Sen. Angus King (I-ME) during the proceedings raised the idea of sending cases where Americans have been accused of collusion with Al Qaeda to a special court of some sort. Such a court, one of several possibilities to rein in the program this blog suggested this week, could potentially be based around the Foreign Intelligence Surveillance Act (FISA) courts that approve the wiretapping of individuals suspect of being foreign agents:
KING: A soldier on a battlefield doesn’t have time to go to court. But if you’re planning a strike over a matter of days, weeks, or months, there is an opportunity to at least go to some outside of the Executive Branch body — like the FISA court — in a confidential and top secret way. Make the case that this American citizen is an enemy combatant.
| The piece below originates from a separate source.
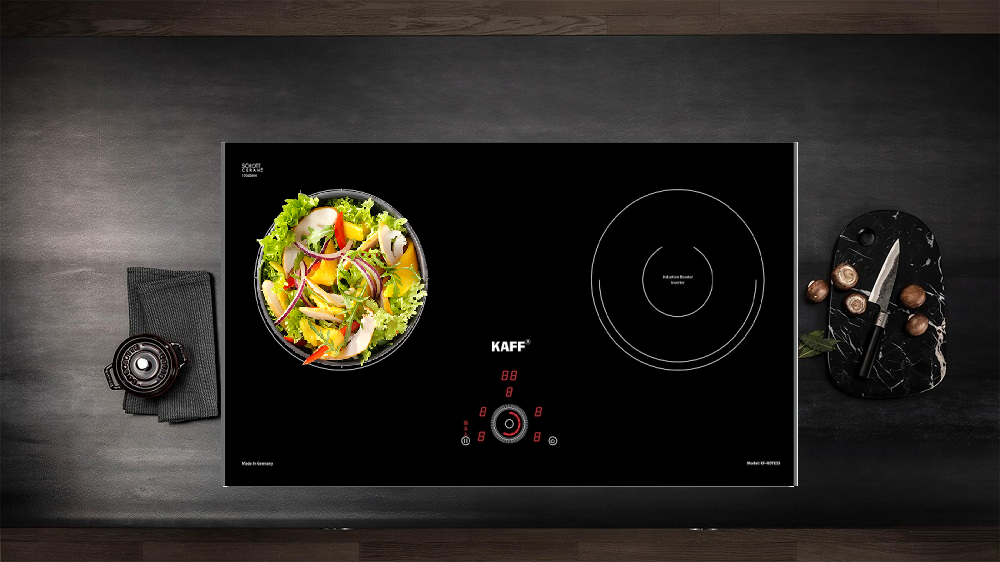 – Thiết kế vô cùng đẹp mắt với màu đen sang trọng cùng sự kết hợp với 2 vùng nấu, phù hợp với nhu cầu nấu nướng của đa số các gia đình ở nước ta. Có tới 10 dải nhiệt, việc lựa chọn chương trình nấu phù hợp trở nên đơn giản hơn bao giờ hết. Ngoài thiết kế ấn tượng, bếp từ Kaff KF-ROTE55 còn trang bị cho mình những linh kiện và công nghệ đột phá giúp phù hợp với khí hậu và nhu cầu nấu nướng của người Việt.

At least that would be some check on the activities of the executive.
Brennan said that the concept was “certainly worthy of discussion,” without elaborating on whether he was for or against the idea. Intelligence Committee chair Diane Feinstein (D-CA) after the hearings seemed to be supprotive of the the idea put forward by King, saying that she and other lawmakers “may explore setting up a special court system to regulate strikes.” Such a system, however, could prove to be as susceptible to abuse as the FISA courts currently are.
Commentators on both sides of the political spectrum have spent the week expressing their concern about the extensive nature of the program and the lack of investigation into whether the strategy behind it is working. While the House and Senate Intelligence Committees currently monitor the CIA’s drone program activities in Somalia, Pakistan and other locations, they are bound by secrecy rules to keep those reports under wraps. Some lawmakers have pressed the administration for more declassification of the information surrounding drone strikes and other methods of targeting, opening up what is already a widely reported on occurrence.